Home World MissionsPersecution New church opens in former Islamic State area of Syria

New church opens in former Islamic State area of Syria

by Michael Ireland

ALEPPO, SYRIA (ANS) — An Evangelical church was recently opened in the Syrian town of Kobani, given the rise of conversions to Christianity by Kurds and some Syrians.

Zani, a priest from Afrin, leads prayer in the new church. Photo – Kurdistan 24.

According to multiple reports, the first published by Reuters, and cited by Middle East ministry Behold Israel, there has been a spike in converts to Christianity over the past year, many stating that Syria’s ongoing atrocities and radical Islamic factions, mainly IS– Islamic State — as their reasons for converting.

The ministry said radicalization of Sunni Islam and abuses by ISIS have been said to have led many to search for faith and religion outside of Islam.

Behold Israel reported that Kobani is located in northern Syria in the Aleppo region and was heavily affected by the war given the Islamic State.

It says the once predominately Kurdish town was taken over by People’s Protection Units (YPG) in 2012 until 2014 when IS took over several areas in the region. The region was hit heavily by US-backed forces carrying out multiple airstrikes throughout 2014-2015 in the city located close to the Syrian-Turkish border.

In a ministry update, Behold Israel said: “The situation for Christians in the Middle East has been dire, with dozens of terror attacks by Islamic factions on churches and places of worship.

“Israel is the only country that is a safe haven for Christians and has absorbed Christian refugees from Lebanon, Syria and Egypt in the past. The Islamic State’s campaign to eradicate Christians throughout Middle Eastern countries led to massacres, human and sex trafficking and forced conversions in Syria, Iraq and Libya, with multiple terror attacks in Egypt.”

Kurdistan 24 reported that Parish leaders opened the new church on Thursday in a city that became an icon for the resistance against the Islamic State (IS) in 2014.

“Afrin was destroyed, but with the help of God, and the permission of the administration in Kobani, we opened this place,” said Zanî, a priest from Afrin who fled when Turkish-backed Islamist rebels took over in March. “And our people will meet here and we thank the people of Kobani,” he told Kurdistan 24.

Kurdistan 24 said about six Christian families from Afrin fled to Kobani, where a total of approximately 300 Christians now live.

Farzad, project manager of the Christian NGO AVC International, which supported the opening, said this is the first time in recent memory a church has opened in the city. “The last church [in Kobani] was destroyed 30 years ago and the last Christian meeting was 55 years ago,” he told Kurdistan 24.

Over the past three years, Christians in Kobani worshipped privately in home prayer groups. “When the war in Kobani started, and ISIS attacked Kobani, they [refugees] came to Suruc, and we start[ed] helping them with the hospital, and camps,” Farzad said.

“You have to realize Christianity doesn’t have a very long history [in the area]. There were churches in Kobani, and a lot of descendants from Armenians that were forced to become Muslim still live in Kobani,” he said.

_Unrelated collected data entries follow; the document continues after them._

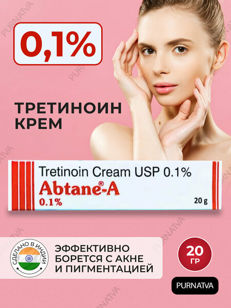 Третиноин крем 0.025% Абтейн-A (Tretinoin cream USP 0.025% Abtane-A) От акне и Пигментации 20 г третиноин - это один из самых знаменитых и эффективных гелей в уходе за проблемной кожей, против возрастных изменений кожи и морщин. Показания к применению:- Устраняет угри и препятствует их дальнейшему появлению.- Разглаживает морщины, в том числе мимические.- Сужает поры.- Возвращает коже упругость и здоровый цвет.- Нормализует работу сальных желез (устраняет жирный блеск).- Убирает бугристость.- Борется с пигментацией, вызванной воздействием ультрафиолета.- Обновляет кожу, разглаживает морщины. Перед нанесением геля необходимо очистить кожу средствами для умывания. Кожа должна полностью высохнуть. Крем наносится на пораженную область по вечерам, перед отходом ко сну.
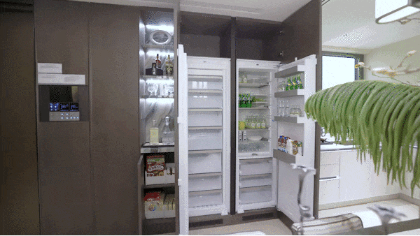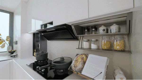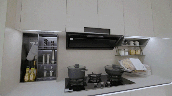 共同抽拉置物架、地柜联动拉篮、下拉拉篮、三沉骑马柜、随心抽、窄柜高深拉篮的组合拳,当你双手提着沉沉的物品或是忙碌了一天筋疲力尽时,工做单元,胜过万万句“智能”.
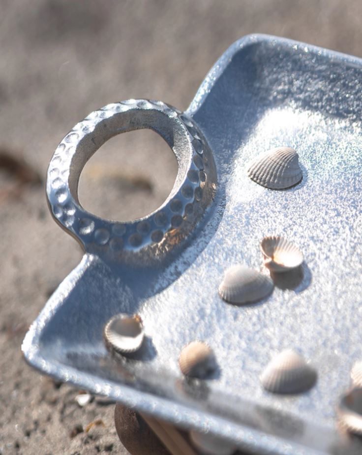 Rektangulär bricka med två handtag. Vacker som den är eller som fat att ställa ljus, växter och bordsdekorationer på. Tillverkad i metall.
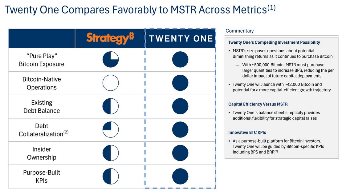 Ngược lại, Twenty One khẳng định họ là một “pure play” – tức một công ty chuyên biệt về Bitcoin, có mô hình vận hành gắn liền với Bitcoin và linh hoạt hơn trong việc gọi vốn chiến lược.
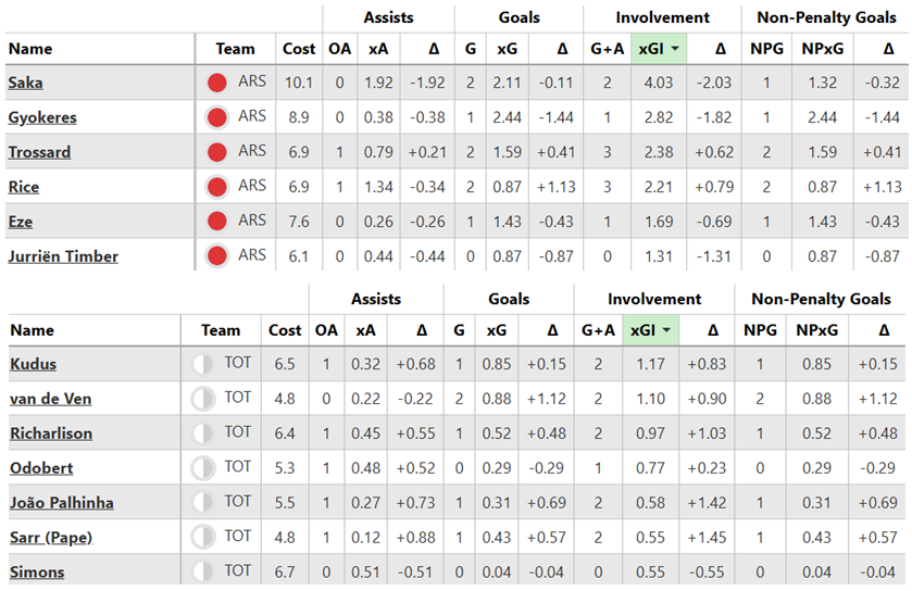 Over their last six Gameweeks, these are both sides’ best players for expected goal involvement (xGI):
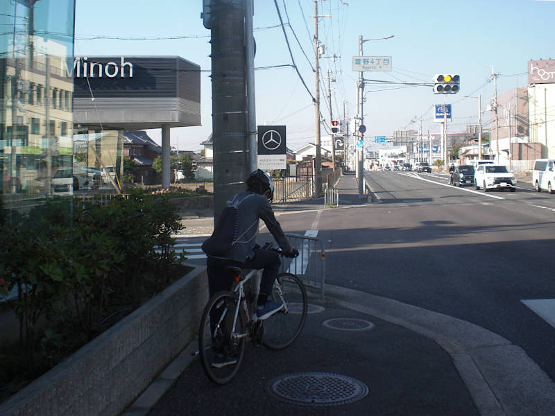 さらに300m程先に[萱野4丁目]と言う信号が有るのでここを左折する。(9:02)
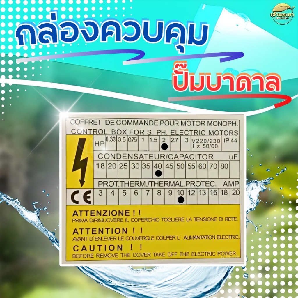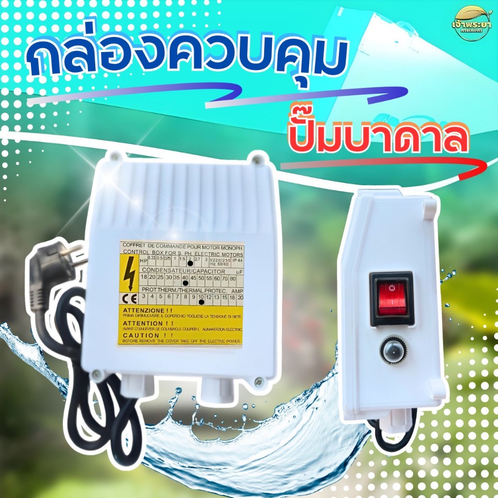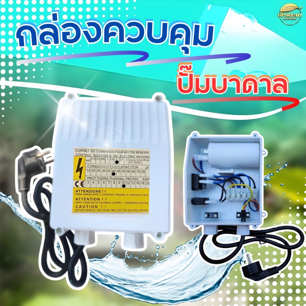 กล่องควบคุมปั๊มบาดาล 2 HP 40UF สำหรับปั๊มซัมเมิสพร้อมคาปาซิเตอร์ มีสวิตเปิดปิด
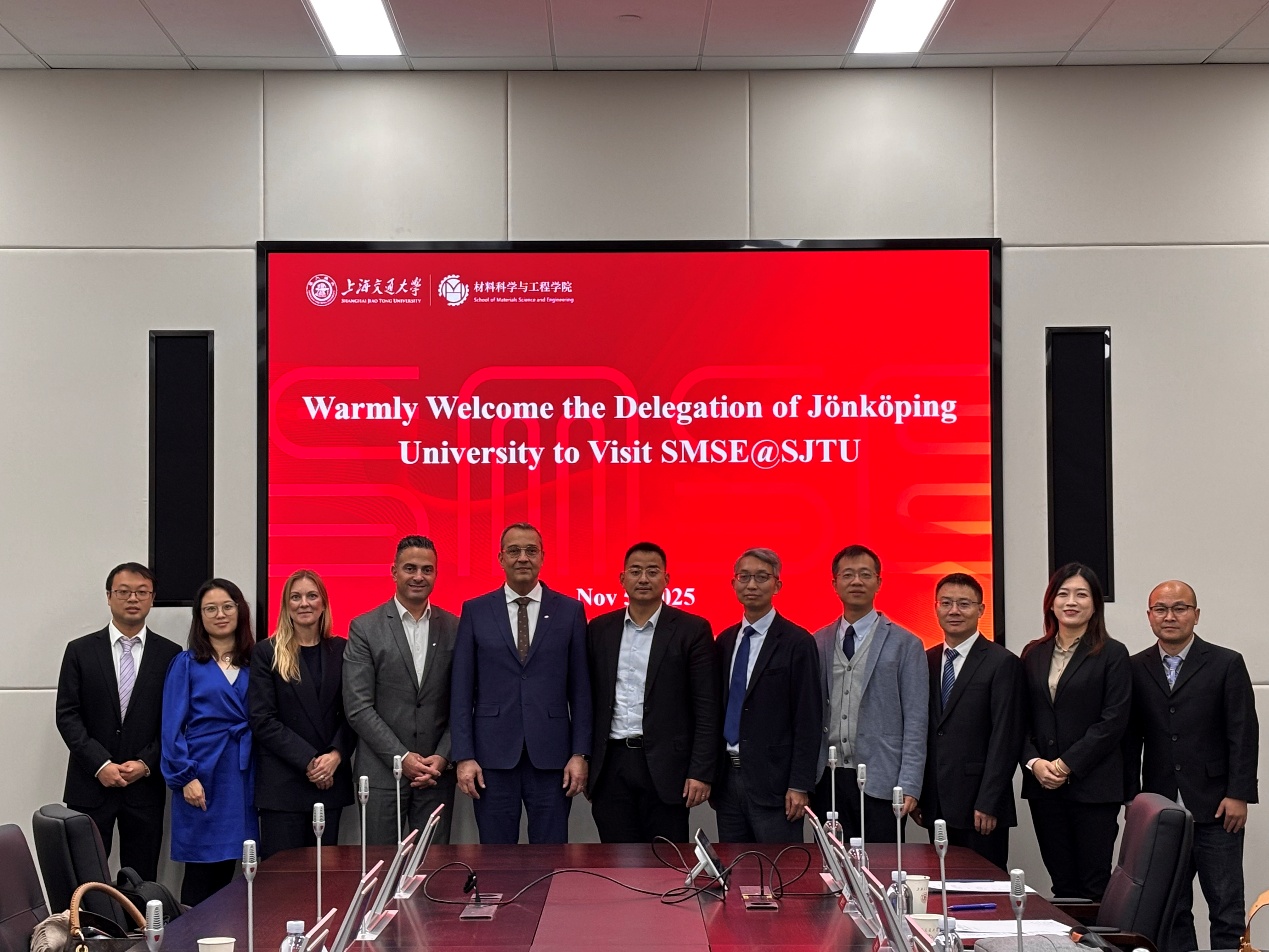 2025年11月5日,瑞典延雪平大学校长曼斯·斯文森(Måns Svensson)、副校长萨利姆·赛菲丁(Salem Seifeddine)一行访问上海交通大学闵行校区。此次访问是延雪平大学首次正式访问上海交大,旨在推动两校在人才培养与科研创新方面的合作,特别是在轻合金材料与先进制造等前沿领域。
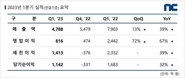 엔씨소프트가 1분기 주력 게임 흥행 부진으로 저조한 성적표를 받았다.엔씨는 2023년 1분기 매출 4788억원, 영업이익 816억원, 당기순이익 1142억원을 기록했다고 10일 밝혔다.매출은 전분기와 전년 동기 대비 각각 13%, 39% 감소했다. 영업이익은 전분기 대비 72% 증가, 전년 동기 대비 67% 줄었다. 당기순이익은 전분기 대비 흑자 전환, 전년 동기 대비로는 32% 감소했다.지역별 매출은 한국 3037억원, 아시아 994억원, 북미·유럽 333억원을 기록했다. 로열티 매출은 423억원이다. ‘길드워2’는 2014년 중국 출시(현지 서비스명: 격전2) 이후 최대 분기 실적을 기록하며 로열티 매출의 전분기 대비 9% 상승을 견인했다. 해외 및 로열티 매출은 전체 매출의 37%를 차지했다.모바일 게임 매출은 3308억원이다. 제품별로 살펴보면 ‘리니지M’ 1301억원, ‘리니지W’ 1226억원, ‘리니지2M’ 731억원, ‘블레이드 & 소울 2’는 50억원이다. 출시 7년차인 ‘리니지M’의 매출은 견조한 이용자 지표를 유지하며 전분기 대비 15% 성장했다.PC온라인 게임 매출은 914억원이다. ‘리니지’ 245억원, ‘리니지2’ 215억원, ‘아이온’ 176억원, ‘블레이드 & 소울’ 73억원, ‘길드워2’ 204억원이다.‘리니지M’, ‘리니지W’ 등 주요 모바일 타이틀은 2분기부터 순차적으로 대규모 업데이트를 진행한다. 글로벌 시장에서 완성도 높은 콘텐츠와 이용자 친화적인 서비스를 지속적으로 선보일 계획이다.엔씨는 올해 출시할 PC·콘솔 신작 ‘THRONE AND LIBERTY(쓰론 앤 리버티)’의 베타 테스트를 5월 24일부터 30일까지 진행한다. 글로벌 퍼블리싱 파트너사인 아마존게임즈와 글로벌 출시를 위한 협력을 진행 중이다.
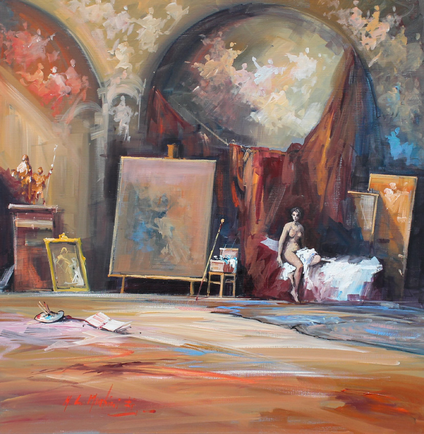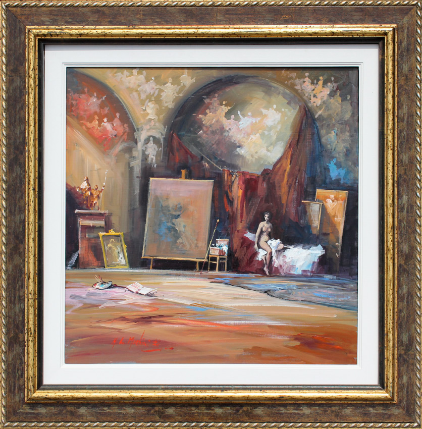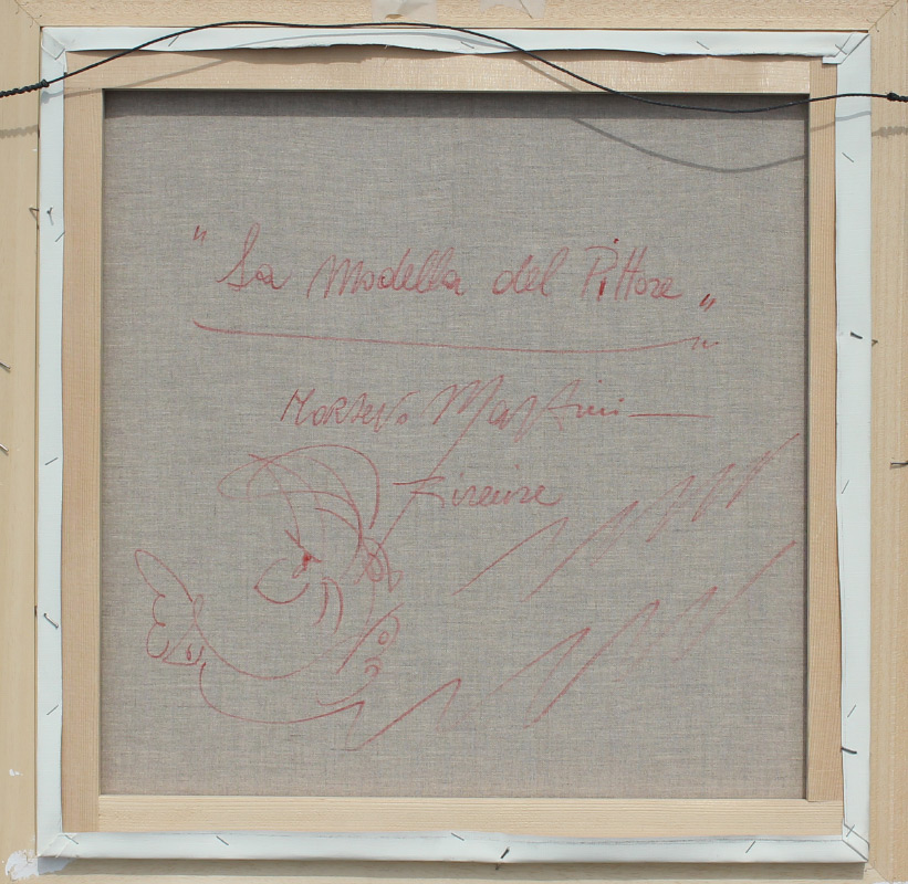 MARTINI, Norberto, (Italian, 1940-2007): ''Sa Modela Pittore'', Oil/Canvas, 23.5'' x 23.5'', signed lower left, signed and titled verso with artist's remarque, custom frame, 33.5 x 33.75''. Former Collection of Medici Gallery Sarasota Florida.
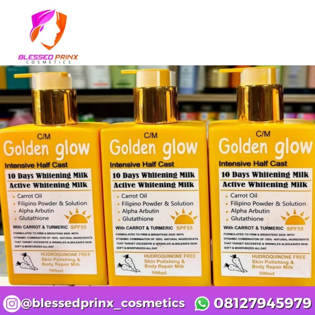 Golden glow is an intensive half cast skin whitening, polishing and repair milk with active ingredients like philipino powder and solution, glutathione,carrot oil and tumeric. with spf 55 to protect your skin against unfavourable climate. The best quality whitening lotion that helps in facial treatments.
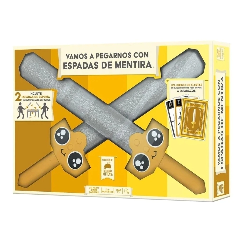 Vamos a luchar a ESPADAZO LIMPIO. Vamos a pegarnos con espadas de mentira es un Party Game familiar para 3-6 duelistas con partidas de unos 15 minutos. Este es el primer juego de cartas de la historia en el que te pelearás por conseguir cartas atizando a tus adversarios con una Espada de espuma... tal y como harían los adultos. Consigue 3 cartas del mismo color para formar un conjunto. Si eres la primera persona en conseguir 3 conjuntos de cartas, ¡ganas la partida!
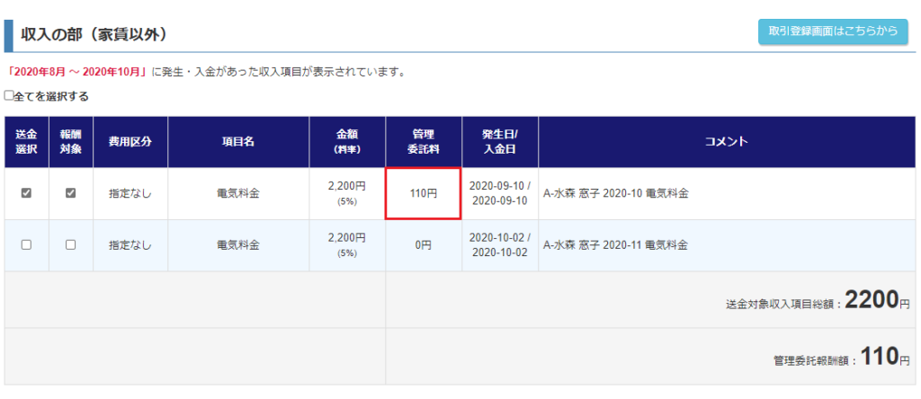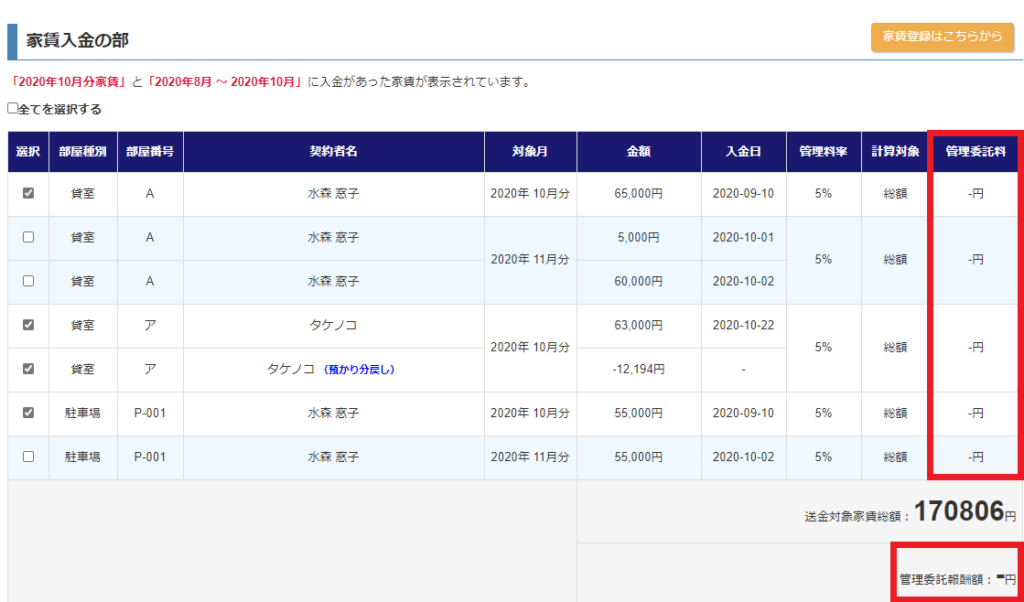 送金対象家賃総額と送金対象収入項目総額に管理料率をかける設定になります。
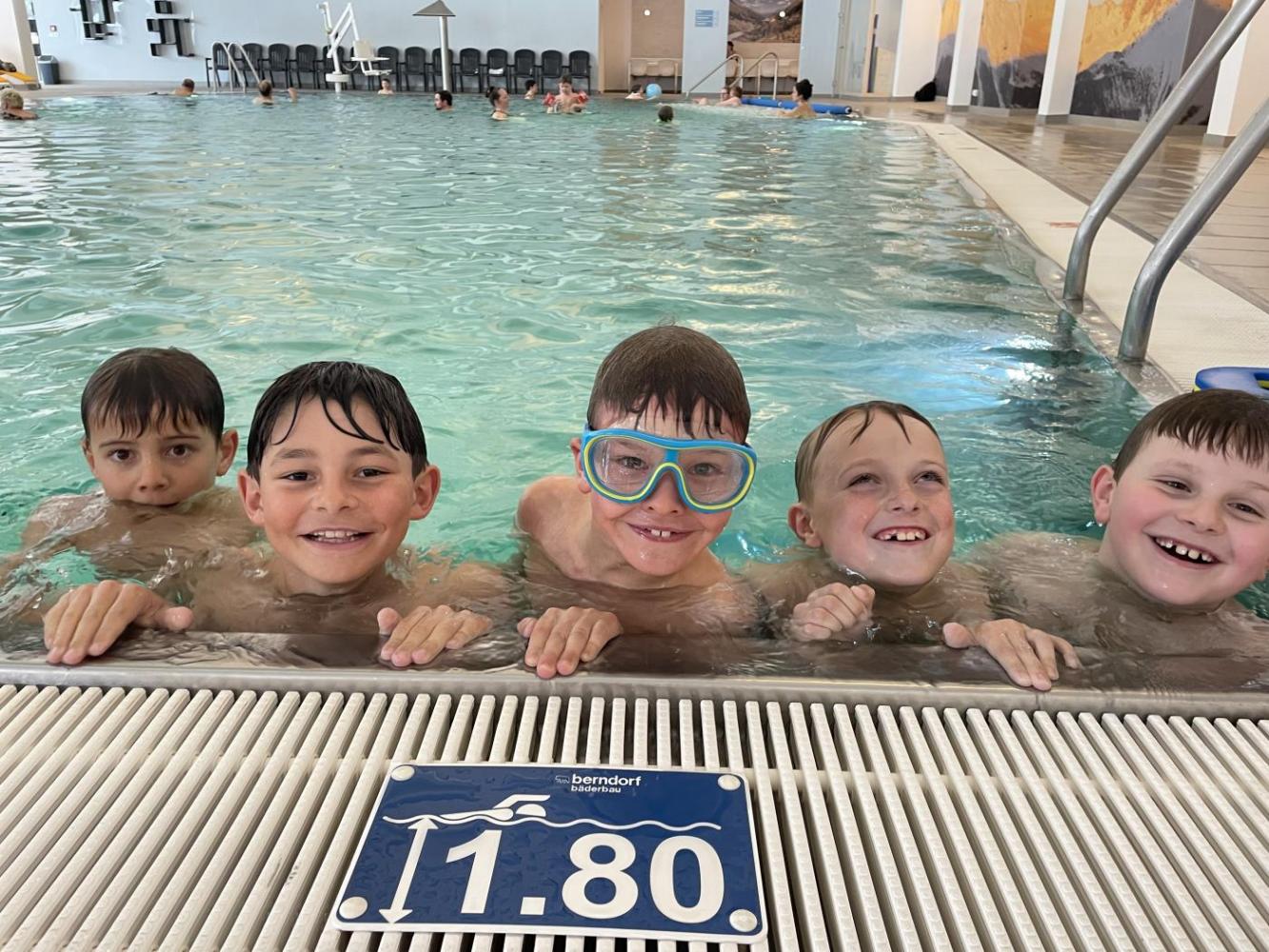 Mit Stolz durften die erfolgreichen Schwimmerinnen und Schwimmer ihre Abzeichen entgegennehmen. Unsere alljährlichen Schwimmtage sind nicht nur ein tolles Erlebnis, sondern zeigen auch, wie wichtig Sicherheit, Bewegung und Selbstvertrauen im Wasser sind.
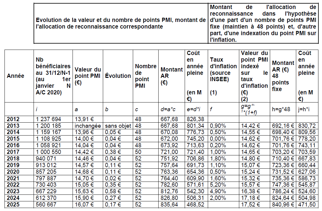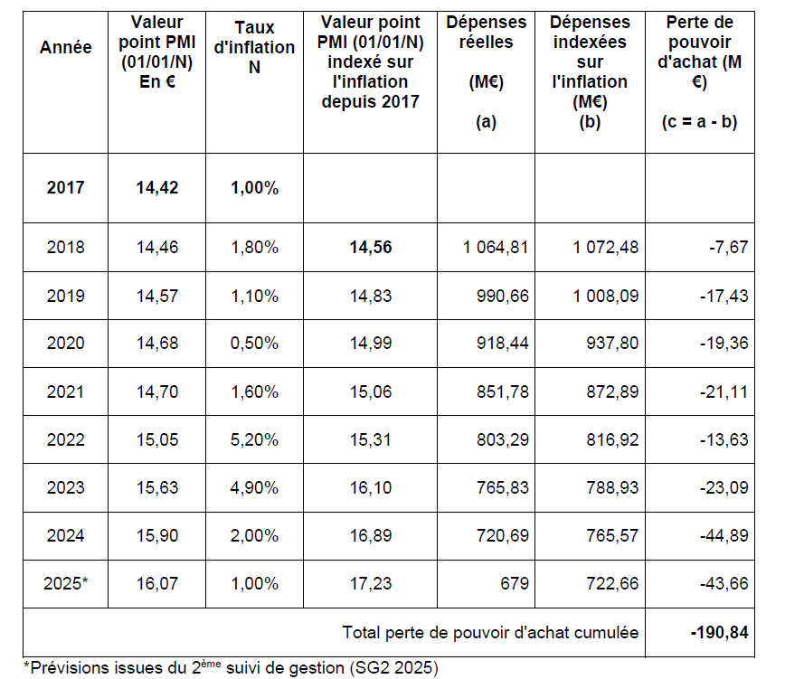 La prévision pour 2025 se base sur une valeur du point PMI proche de la revalorisation ayant effectivement eu lieu au 1er janvier 2025 et cela semble devoir également être le cas en 2026.

Kurdistan 24 said many Armenian refugees settled in Kobani around 1915 after fleeing the Armenian genocide. However, after IS attacked Kobani in 2014, some Muslims Kurds also converted to Christianity.

“IS encouraged them to find out about Islam, and see if it was true Islam or not.”

Ahmed Sheikho, a member of the Movement for a Democratic Society (TEV-DEM) told Kurdistan 24 that radical groups destroyed the previous religious co-existence in the region.

“Today, we opened the church in Kobani, following the principle of the democratic nation, we want every religion, ethnic group, national group to coexist together, pray together, and we will help them,” he said.